D2-Net performance is very outstanding, and I have been interesting about the algorithm for a while. Here, I would like to reproduce the results using the visual localization benchmark . I am actually trying to select the good algorithm to perform the task (I will cite your paper accordingly).

My questions are about how to get the retrieval_list.txt and database_pairs_list.txt.

Did you get retrieval_list.txt from using NetVlad ? Specifically, did you extract the pair of the query image vs database image, following the demoRetrieval.m ? Did you retrieve the images using only the NetVlad features?
How did you get database_pairs_list.txt ? Did you get it by exhaustive matching between day images ?
I also notice that there is image_pairs_to_match.txt which contains the image pairs from Aachen dataset at visual localization benchmark's data preparation . Are the pairs between database and queries from this file to create the retrieval_list.txt ? And, can the pairs between database images be used for database_pairs_list.txt ?
Lastly, I am not sure if it is too much to ask. It would be great if you could release the text file for retrieval_list.txt and database_pairs_list.txt ?

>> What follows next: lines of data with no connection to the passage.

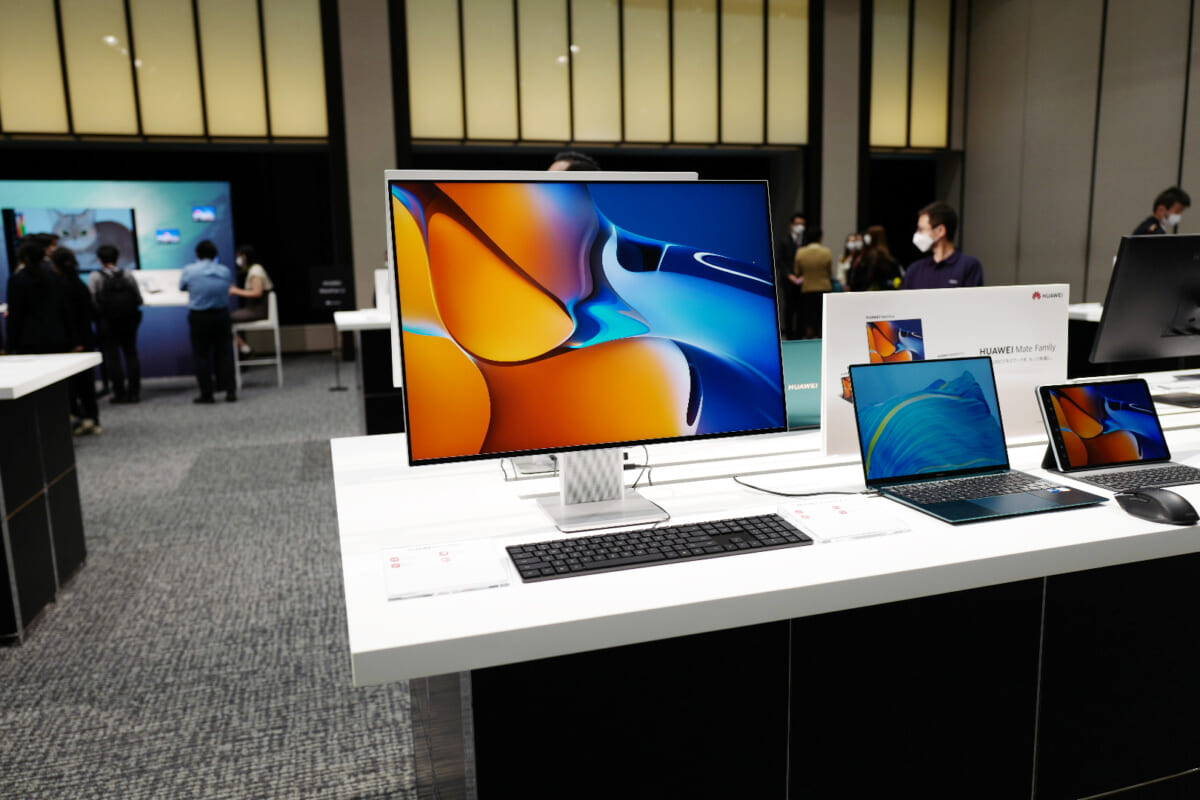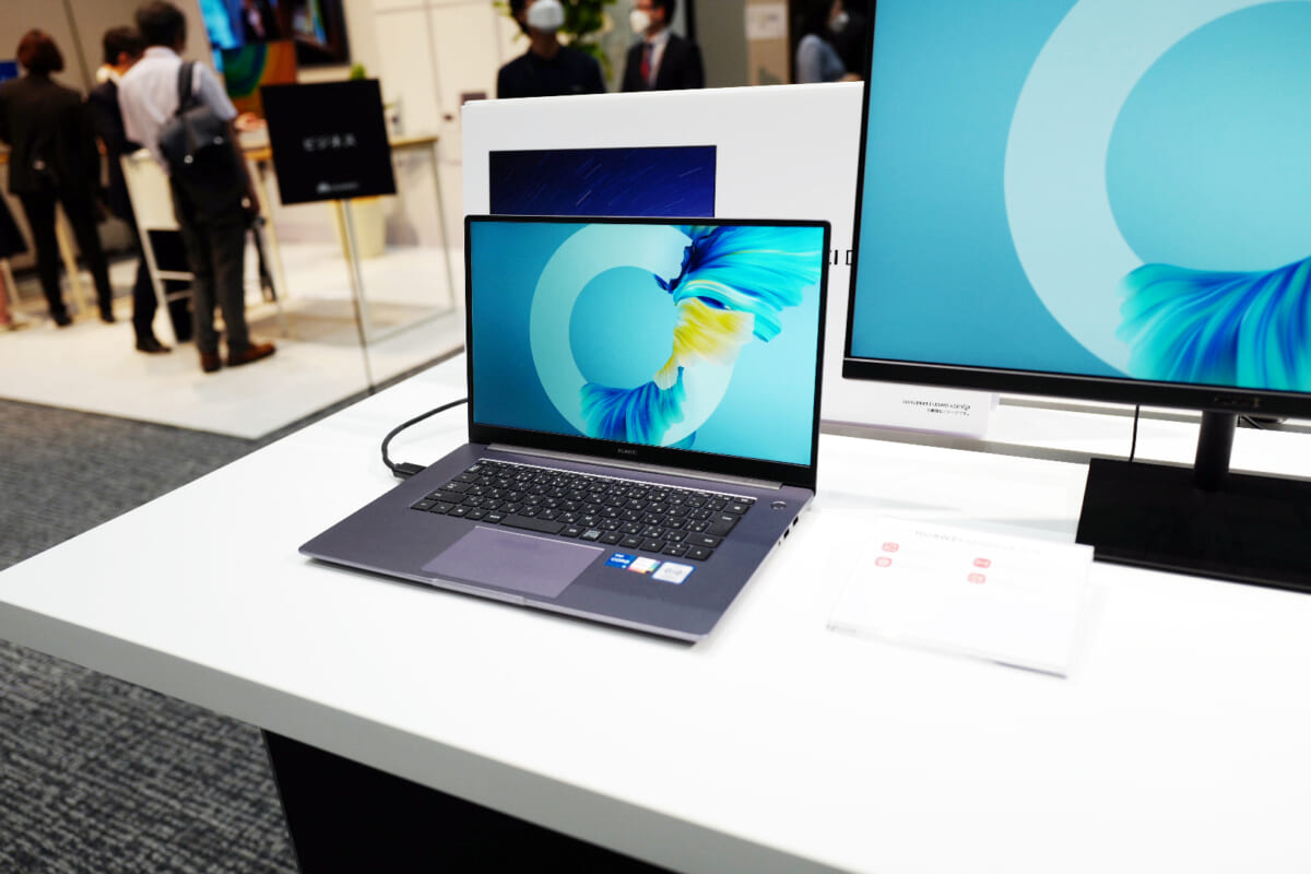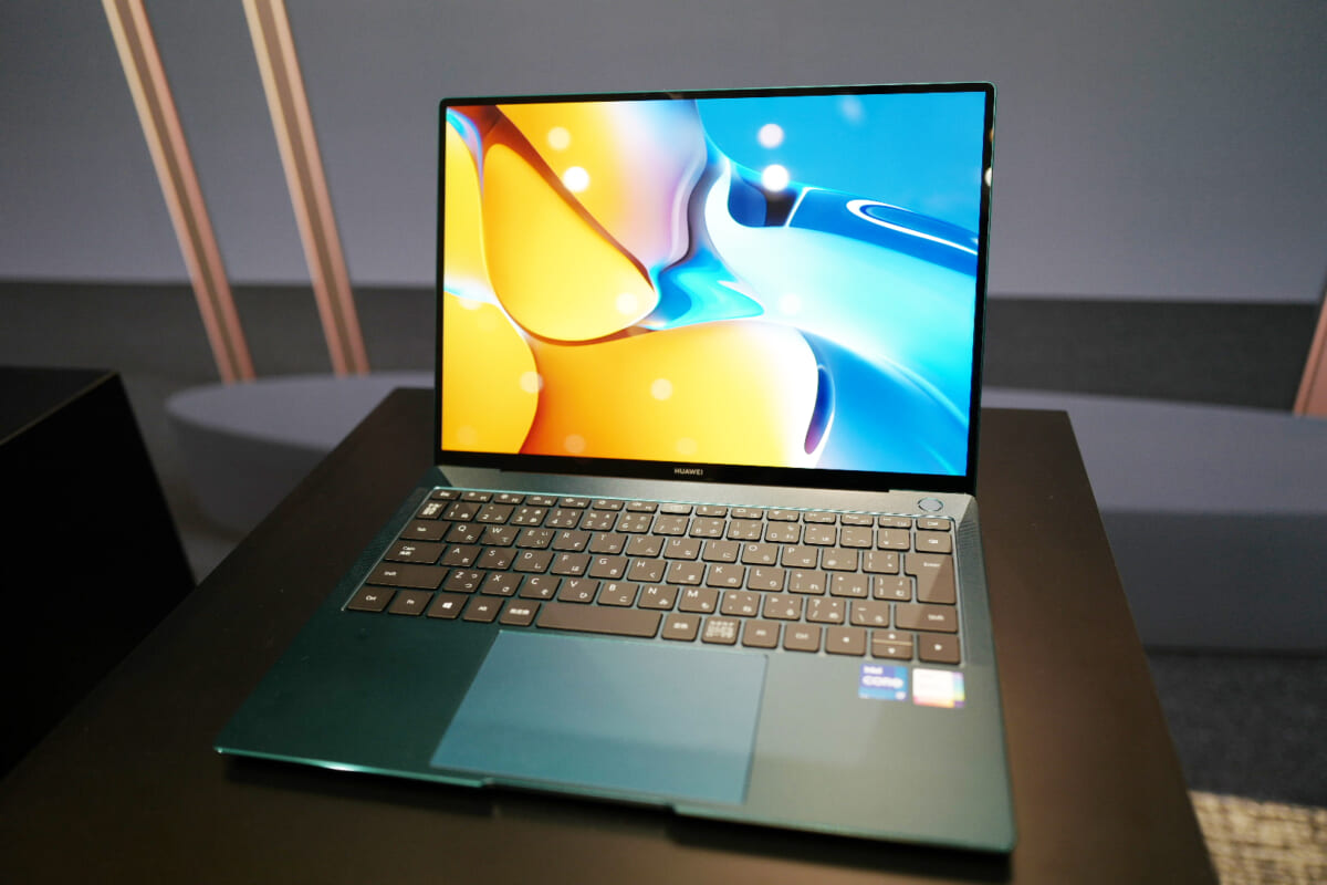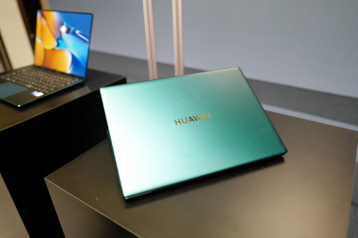 ↑トップカバーには、別素材をはめこんで「HUAWEI」のロゴをあしらっています。メーカー名やモデル名を大きめにあしらうデザインは、このところスマートフォンの分野でも多く見られますが、MateBook X Proの場合はフォルムがシンプルなので、くどくならず、デザイン的にうまくまとまっていると感じられました
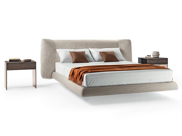 Bed-In transforms the bedroom into a sanctuary of comfort. Its large, ergonomically shaped headboard with hugging curves invites relaxation, offering a gentle sense of protection and intimacy. The bed’s dynamic form is enhanced by flared detailing at the base, giving it a contemporary sculptural presence.
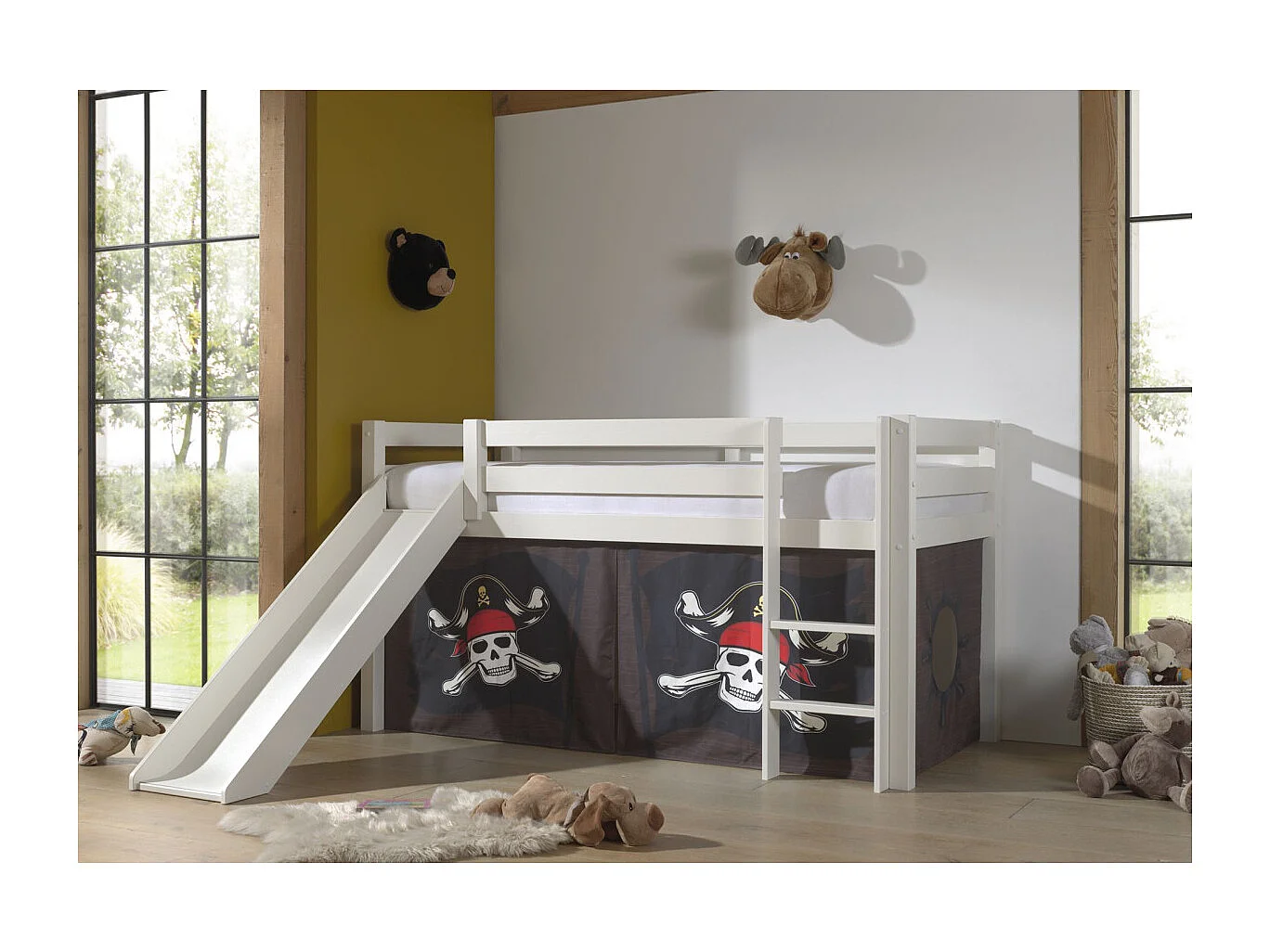 Lit Enfant Surélevé Avec Toboggan "Pino Caribian Pirates" 90x200cm Blanc
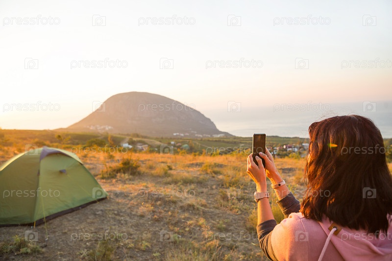Женщина фотографирует восход солнца в горах на свой телефон. Селфи на восходящем солнце. Панорамный вид на море и Аю-Даг. Кемпинг, активный отдых, спортивный горный туризм, семейный отдых. Крым
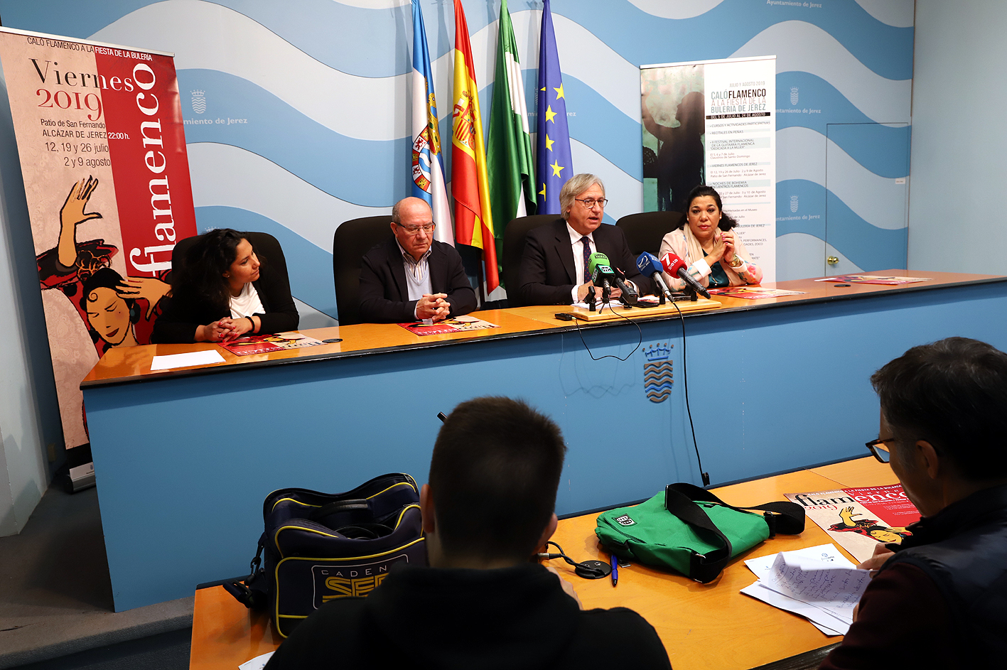 El teniente de alcaldesa de Urbanismo, Dinamización Cultural, Patrimonio y Seguridad, Francisco Camas, junto al presidente de la Federación de Peñas Flamencas, Jesús López y las artistas, Felipa del Moreno y Tomasa Guerrero, ‘La Macanita’, ha presentado el ciclo de los Viernes Flamencos 2019, que tendrá lugar los días 12, 19 y 26 de julio, y el 2 y 9 de agosto, en el Patio de San Fernando del Alcázar, enmarcado en la programación Caló Flamenco a la Fiesta de la Bulería

Answer 1 · 2020-05-04T08:35:37.000Z

Please find my answers below:

For the query images, we have used NetVLAD to retrieve top K database images. More precisely, I used https://github.com/Relja/netvlad/blob/master/serialAllFeats.m to compute 4096 dimensional features for both queries and database images and simply picked the closest K database descriptors for each query image.
No, I do not use exhaustive matching. The dataset already provides poses for database images so I picked top 20 spatially nearby images for each database images - thus the number of database image pairs to match is around 20 x number of database images (supposing no overlap) which is significantly lower than exhaustive matching.
The files released at https://github.com/tsattler/visuallocalizationbenchmark/tree/master/local_feature_evaluation are only for the Local Features challenge (i.e. Aachen Night only). Do no use them for the other tracks since these pairs were manually retrieved.
Please find below the database to database pairs as well as query to database top 20 NetVLAD retrieved pairs.
query_to_database_pairs_to_match_20.txt
database_pairs_to_match.txt

Answer 2 · 2020-05-04T15:05:14.000Z

Thanks so much for the information. I have a few questions left:

In step 3 building 3D model , I wonder about how to initialize the sparse recon model as the input to colmap point_triangulator with camera parameters ?
Also, just to confirm if I should use the provided database.db from the visuallocalizationbenchmark as the db.db which is the input of modify_database_with_custom_features_and_matches.py ? It is a bit confusing for me because the Aachen day-night dataset also provides its own database (aachen.db https://data.ciirc.cvut.cz/public/projects/2020VisualLocalization/Aachen-Day-Night/).
How did you initialize the input database db.db ? Is db.db initialized by "colmap feature_extractor" and the camera parameters are given by database_intrinsics.txt from https://data.ciirc.cvut.cz/public/projects/2020VisualLocalization/Aachen-Day-Night/3D-models/ ? How did you get the camera intrinsics parameters for night images (both /milestone and /nexus) ?
Is the input database db.db to *modify_database_with_custom_features_and_matches.py in the step 2 the same one as the one in step 4 ( ref. visuallocalizationbenchmark ) ? Does this means that the results from Step 4. will be overwriting the one from Step 2. ?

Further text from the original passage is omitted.